▶ RECORDS FOR THE TASK
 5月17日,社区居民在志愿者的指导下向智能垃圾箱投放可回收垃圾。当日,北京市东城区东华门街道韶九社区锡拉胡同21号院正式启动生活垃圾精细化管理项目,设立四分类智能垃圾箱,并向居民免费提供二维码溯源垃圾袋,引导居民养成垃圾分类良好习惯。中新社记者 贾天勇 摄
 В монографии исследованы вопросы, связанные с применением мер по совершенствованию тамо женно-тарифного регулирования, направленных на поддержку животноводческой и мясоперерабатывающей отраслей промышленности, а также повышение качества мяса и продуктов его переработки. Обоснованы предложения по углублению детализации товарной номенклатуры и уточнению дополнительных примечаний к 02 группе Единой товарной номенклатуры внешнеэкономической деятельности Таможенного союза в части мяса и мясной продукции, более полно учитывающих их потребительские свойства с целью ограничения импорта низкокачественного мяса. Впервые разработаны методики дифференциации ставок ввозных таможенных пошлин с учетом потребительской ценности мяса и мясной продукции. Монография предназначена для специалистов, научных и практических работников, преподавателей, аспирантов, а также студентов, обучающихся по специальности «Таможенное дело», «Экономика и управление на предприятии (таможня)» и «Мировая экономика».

---

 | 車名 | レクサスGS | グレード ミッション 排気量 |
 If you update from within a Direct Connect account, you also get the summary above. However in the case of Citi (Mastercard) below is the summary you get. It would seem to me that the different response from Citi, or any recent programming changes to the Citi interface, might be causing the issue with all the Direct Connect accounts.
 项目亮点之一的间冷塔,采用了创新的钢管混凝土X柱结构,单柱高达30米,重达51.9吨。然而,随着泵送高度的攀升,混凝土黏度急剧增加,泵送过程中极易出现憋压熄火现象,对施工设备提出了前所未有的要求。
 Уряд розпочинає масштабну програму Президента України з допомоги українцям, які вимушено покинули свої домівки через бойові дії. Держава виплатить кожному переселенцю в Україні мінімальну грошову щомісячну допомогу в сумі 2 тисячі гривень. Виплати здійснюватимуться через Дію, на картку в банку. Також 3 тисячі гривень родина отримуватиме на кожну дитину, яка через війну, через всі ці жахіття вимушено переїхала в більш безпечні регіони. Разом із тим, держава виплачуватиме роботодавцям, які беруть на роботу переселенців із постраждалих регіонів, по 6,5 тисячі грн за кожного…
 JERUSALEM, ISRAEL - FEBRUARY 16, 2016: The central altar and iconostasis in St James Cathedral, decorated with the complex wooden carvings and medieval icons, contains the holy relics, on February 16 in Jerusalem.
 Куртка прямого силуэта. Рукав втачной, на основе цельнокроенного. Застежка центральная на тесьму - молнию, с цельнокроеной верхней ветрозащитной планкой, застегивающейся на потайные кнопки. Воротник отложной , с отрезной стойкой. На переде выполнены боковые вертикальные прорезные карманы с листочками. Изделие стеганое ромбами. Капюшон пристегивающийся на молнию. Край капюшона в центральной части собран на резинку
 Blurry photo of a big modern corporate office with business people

▶ WHAT IS REQUIRED
How many lines in the listing above contain "части"? Give the number and nothing else.

▶ ANSWER SECTION
2